Missionário Shalom (or simply abbreviated as MSH) is a Brazilian pop-rock band of Catholic music, founded in 1998 in the city of Fortaleza, Ceará, Brazil. The group is linked to the Shalom Catholic Community, present in over 40 countries. MSH is recognized for its mission to evangelize youth through music, performing at major events such as the Halleluya Festival and the World Youth Day (WYD).

== The group ==
According to the Shalom Catholic Community website, the group was initially created as the "Missionary Music Ministry" with the aim of pursuing a bold evangelization strategy suited to contemporary realities. Another goal was to spread the Shalom charisma throughout Brazil and beyond.

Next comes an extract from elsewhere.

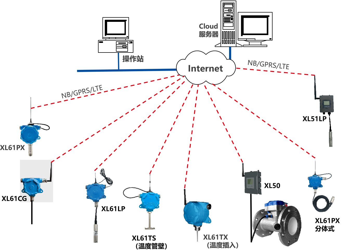 XL90,將數(shù)據(jù)上傳給企業(yè)內(nèi)部的多個系統(tǒng)軟件平臺;通過LTE(4g)/NB/GPRS將數(shù)據(jù)上傳至云服務器
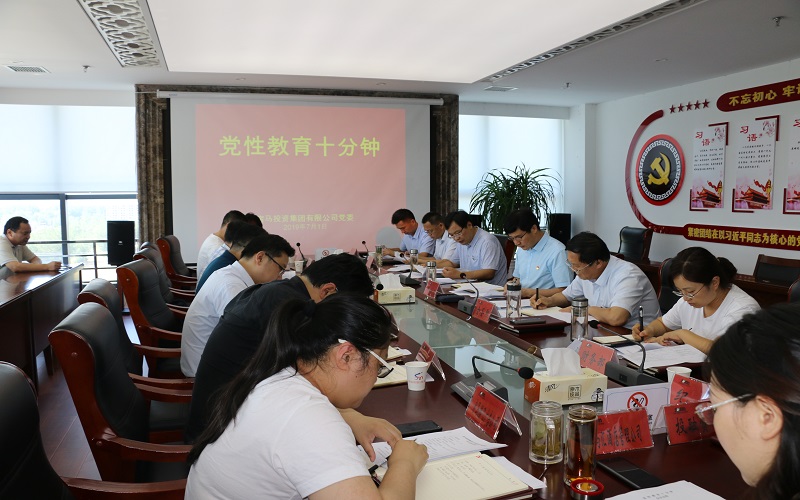 7月1日下午,永利3044noc集团公司党委召开党性教育十分钟会议。园区党工委委员、集团公司党委书记张永东主持会议,集团公司中层以上干部参加学习研讨,全资子公司、控股子公司领导班子成员列席。

The band gained international prominence by participating in World Youth Day 2011 in Madrid and World Youth Day 2013 in Rio de Janeiro, where they released their album 180 Graus. In 2018, celebrating 20 years, MSH collaborated with Sister Cristina Scuccia, winner of The Voice Italy 2014, on the single "Eis-me Aqui," recorded live at the Halleluya Festival. The song, a preparation for World Youth Day 2019 in Panama, surpassed 230,000 YouTube views in its first week.

In 2023, MSH released "Há Pressa no Ar" at the Halleluya Festival, featuring Ana Gabriela and Ziza Fernandes. In 2024, their album Fogo, with the single "Enfermo de Amor," captivated over 500,000 people at the Halleluya Festival in Fortaleza. Later that year, in December, Francisco Jackson (Chico) joined as a vocalist.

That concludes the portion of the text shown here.